Have we reached a point where too much “sunshine” created by too much technology is threatening to undermine our democracy? Technology has certainly impacted elections before — most famously with the sensation caused by the Kennedy- Nixon TV debates.
Those who watched them on TV thought Kennedy won, and those who heard it on the radio thought Nixon won.

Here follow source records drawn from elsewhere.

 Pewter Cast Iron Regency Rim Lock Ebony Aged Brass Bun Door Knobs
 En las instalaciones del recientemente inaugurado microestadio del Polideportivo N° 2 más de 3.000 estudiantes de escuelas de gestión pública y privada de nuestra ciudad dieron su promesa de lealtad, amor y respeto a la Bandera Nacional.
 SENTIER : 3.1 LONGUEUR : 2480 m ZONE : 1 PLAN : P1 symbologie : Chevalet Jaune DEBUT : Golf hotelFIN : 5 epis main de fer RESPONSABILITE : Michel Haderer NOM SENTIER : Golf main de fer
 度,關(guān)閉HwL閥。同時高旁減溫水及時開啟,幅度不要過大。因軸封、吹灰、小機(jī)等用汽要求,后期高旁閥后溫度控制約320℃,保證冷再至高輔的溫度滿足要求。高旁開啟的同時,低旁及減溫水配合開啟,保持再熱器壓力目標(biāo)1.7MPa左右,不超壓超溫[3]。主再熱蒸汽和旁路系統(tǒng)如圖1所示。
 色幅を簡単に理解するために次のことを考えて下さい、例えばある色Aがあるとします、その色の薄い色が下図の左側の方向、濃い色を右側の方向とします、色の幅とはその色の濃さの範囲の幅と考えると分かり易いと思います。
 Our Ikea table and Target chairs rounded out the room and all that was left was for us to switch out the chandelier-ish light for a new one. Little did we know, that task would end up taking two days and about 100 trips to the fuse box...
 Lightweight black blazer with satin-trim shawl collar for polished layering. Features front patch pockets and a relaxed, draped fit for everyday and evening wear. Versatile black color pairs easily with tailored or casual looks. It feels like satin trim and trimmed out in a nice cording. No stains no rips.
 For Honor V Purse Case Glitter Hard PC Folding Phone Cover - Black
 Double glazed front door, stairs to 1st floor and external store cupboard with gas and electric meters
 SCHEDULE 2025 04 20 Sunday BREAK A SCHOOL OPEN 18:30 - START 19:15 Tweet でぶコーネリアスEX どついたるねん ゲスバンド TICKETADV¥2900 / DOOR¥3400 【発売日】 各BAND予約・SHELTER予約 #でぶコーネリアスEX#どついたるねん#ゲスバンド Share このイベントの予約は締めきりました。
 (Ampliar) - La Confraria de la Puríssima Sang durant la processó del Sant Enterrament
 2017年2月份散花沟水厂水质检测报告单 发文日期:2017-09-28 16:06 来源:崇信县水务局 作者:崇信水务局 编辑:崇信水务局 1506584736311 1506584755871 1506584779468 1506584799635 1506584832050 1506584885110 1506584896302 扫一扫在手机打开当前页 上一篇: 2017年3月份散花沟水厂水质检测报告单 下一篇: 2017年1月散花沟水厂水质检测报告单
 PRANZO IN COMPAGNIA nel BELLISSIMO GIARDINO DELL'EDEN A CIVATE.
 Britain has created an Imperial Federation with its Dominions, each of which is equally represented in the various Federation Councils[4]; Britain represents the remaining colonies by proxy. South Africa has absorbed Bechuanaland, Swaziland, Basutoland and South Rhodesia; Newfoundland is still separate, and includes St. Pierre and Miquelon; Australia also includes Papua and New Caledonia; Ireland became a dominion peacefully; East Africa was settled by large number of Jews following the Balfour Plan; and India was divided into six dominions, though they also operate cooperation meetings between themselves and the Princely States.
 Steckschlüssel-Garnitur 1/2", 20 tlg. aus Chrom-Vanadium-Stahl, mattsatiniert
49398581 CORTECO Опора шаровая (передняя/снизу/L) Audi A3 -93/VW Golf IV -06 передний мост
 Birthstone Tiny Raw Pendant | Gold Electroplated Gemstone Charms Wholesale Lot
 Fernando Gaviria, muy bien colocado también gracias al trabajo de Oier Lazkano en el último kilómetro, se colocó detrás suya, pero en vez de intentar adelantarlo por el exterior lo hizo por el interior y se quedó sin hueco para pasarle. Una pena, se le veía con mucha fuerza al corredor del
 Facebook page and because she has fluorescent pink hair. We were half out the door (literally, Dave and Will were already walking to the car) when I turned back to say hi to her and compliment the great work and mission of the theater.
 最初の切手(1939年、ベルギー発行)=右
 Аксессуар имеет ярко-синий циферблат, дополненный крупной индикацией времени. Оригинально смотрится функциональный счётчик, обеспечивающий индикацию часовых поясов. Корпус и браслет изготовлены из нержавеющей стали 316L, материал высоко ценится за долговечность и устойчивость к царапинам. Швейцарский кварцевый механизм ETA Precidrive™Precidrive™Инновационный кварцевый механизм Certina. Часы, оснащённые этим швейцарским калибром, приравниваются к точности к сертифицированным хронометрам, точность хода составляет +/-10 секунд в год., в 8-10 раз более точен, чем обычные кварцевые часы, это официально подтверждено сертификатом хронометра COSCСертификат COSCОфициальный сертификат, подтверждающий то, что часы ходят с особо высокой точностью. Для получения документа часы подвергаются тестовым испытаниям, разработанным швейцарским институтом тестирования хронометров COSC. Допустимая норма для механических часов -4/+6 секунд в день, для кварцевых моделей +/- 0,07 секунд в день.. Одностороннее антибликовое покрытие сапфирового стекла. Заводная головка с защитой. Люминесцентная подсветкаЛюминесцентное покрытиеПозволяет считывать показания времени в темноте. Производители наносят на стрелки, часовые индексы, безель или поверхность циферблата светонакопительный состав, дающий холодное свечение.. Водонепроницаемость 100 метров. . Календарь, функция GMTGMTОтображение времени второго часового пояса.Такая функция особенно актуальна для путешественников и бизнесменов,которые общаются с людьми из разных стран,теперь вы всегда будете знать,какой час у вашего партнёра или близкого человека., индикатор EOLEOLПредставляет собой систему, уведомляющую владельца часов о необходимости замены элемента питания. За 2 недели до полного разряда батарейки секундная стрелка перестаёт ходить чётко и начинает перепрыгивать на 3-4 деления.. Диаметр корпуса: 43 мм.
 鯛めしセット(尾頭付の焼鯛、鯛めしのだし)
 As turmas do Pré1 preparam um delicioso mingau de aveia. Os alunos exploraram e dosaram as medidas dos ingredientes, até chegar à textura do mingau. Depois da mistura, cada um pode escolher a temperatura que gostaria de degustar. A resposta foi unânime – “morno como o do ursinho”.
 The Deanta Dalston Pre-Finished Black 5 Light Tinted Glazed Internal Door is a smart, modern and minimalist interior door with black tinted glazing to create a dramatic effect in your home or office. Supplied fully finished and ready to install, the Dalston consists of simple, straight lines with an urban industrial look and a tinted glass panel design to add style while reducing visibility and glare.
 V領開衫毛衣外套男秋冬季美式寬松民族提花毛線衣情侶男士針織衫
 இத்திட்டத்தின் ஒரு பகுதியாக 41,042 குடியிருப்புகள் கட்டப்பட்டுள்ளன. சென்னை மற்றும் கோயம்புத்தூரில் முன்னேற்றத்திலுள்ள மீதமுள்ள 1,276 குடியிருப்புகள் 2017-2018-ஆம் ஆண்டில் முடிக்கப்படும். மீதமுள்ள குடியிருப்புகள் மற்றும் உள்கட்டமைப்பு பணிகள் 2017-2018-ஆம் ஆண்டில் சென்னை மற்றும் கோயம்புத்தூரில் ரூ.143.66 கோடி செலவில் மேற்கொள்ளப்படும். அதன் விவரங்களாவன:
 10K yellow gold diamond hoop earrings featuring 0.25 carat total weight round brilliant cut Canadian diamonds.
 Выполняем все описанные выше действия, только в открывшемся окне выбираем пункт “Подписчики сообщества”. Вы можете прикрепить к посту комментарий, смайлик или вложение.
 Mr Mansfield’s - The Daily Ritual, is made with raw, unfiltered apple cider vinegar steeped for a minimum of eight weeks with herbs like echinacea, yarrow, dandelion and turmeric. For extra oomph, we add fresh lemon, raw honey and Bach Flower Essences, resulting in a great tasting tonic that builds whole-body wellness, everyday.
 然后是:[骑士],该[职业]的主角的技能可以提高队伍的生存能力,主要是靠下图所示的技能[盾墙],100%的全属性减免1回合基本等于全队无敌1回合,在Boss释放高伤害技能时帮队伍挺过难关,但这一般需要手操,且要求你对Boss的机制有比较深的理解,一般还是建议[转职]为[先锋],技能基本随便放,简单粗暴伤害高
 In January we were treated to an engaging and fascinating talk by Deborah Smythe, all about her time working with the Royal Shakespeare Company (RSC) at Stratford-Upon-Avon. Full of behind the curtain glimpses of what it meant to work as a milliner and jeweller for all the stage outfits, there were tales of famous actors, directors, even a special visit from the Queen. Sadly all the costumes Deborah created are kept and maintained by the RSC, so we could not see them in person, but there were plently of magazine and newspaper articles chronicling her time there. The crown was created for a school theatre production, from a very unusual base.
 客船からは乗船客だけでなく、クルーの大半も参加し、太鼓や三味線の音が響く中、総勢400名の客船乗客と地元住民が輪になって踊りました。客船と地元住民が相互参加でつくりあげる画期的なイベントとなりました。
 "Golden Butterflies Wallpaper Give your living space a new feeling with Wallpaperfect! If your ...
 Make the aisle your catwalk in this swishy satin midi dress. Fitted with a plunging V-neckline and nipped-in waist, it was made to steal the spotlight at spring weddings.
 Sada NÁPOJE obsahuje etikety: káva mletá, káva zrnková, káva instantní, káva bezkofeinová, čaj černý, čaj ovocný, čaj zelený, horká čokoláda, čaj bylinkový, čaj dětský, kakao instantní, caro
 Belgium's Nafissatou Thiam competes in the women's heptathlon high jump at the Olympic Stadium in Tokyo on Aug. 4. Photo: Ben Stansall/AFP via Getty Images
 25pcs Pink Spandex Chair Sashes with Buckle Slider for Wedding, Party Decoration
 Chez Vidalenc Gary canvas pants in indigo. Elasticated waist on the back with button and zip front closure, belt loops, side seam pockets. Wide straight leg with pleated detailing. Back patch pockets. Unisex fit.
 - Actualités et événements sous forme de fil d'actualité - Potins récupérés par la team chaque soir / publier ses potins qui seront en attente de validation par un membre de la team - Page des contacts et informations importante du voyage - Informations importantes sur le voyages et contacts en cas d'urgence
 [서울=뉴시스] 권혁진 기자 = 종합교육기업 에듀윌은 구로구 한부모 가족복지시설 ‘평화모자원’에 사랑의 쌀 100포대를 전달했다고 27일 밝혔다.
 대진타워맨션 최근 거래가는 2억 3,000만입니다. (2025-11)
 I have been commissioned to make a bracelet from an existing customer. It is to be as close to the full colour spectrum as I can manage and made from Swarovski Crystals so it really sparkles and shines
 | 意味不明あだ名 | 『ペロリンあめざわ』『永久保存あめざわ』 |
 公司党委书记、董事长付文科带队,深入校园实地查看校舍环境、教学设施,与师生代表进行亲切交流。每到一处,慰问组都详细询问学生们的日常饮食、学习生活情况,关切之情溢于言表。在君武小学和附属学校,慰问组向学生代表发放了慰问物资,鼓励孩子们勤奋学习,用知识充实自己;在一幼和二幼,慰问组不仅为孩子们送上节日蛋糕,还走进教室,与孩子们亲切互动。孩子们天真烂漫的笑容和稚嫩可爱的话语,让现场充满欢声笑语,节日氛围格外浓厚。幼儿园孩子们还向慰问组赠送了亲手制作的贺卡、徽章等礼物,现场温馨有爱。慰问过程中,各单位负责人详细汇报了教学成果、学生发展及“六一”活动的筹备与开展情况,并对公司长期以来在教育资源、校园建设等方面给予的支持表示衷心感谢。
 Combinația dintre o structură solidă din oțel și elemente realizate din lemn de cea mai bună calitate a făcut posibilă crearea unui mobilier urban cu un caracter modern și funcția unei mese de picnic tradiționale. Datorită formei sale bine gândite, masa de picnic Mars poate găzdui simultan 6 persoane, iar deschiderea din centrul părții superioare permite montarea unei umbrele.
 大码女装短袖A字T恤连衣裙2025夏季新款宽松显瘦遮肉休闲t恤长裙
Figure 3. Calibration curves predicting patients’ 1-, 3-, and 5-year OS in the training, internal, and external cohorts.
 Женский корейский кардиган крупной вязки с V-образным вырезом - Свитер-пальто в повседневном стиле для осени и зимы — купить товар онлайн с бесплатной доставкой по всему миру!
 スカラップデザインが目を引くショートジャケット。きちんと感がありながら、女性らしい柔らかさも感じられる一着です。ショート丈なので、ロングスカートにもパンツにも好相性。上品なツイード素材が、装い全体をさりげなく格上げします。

TV technology has made us more conscious of the visuals, of physical appearance, of stage presence.
And technologies for polling, focus groups and targeting certain demographics of voter are now a core part of any high-profile election campaign’s strategy.
The recent U.S. presidential election is the first time technology has played such a central role in digging into private lives, hacking into private communications, unearthing what was previously unearth-able – and then providing the means to broadcast that all over the world.
Adding to the intrigue is the fact that foreign governments have increasing capabilities to do this to each other, trying to sway the outcome of elections and influencing voters of another nation to pick a leader they find more palatable.
Julian Assange or Vladimir Putin as kingmakers?
Allowing Julian Assange or Vladimir Putin to become the kingmakers for important elections all over the world seems like a skydive without a parachute toward a democratic disaster.
We have to think carefully about the new role that hacking and leaking technology are playing in elections, and how to enact effective safeguards that will prevent hackers and leakers from making a mockery of the important rituals and institutions of representative government.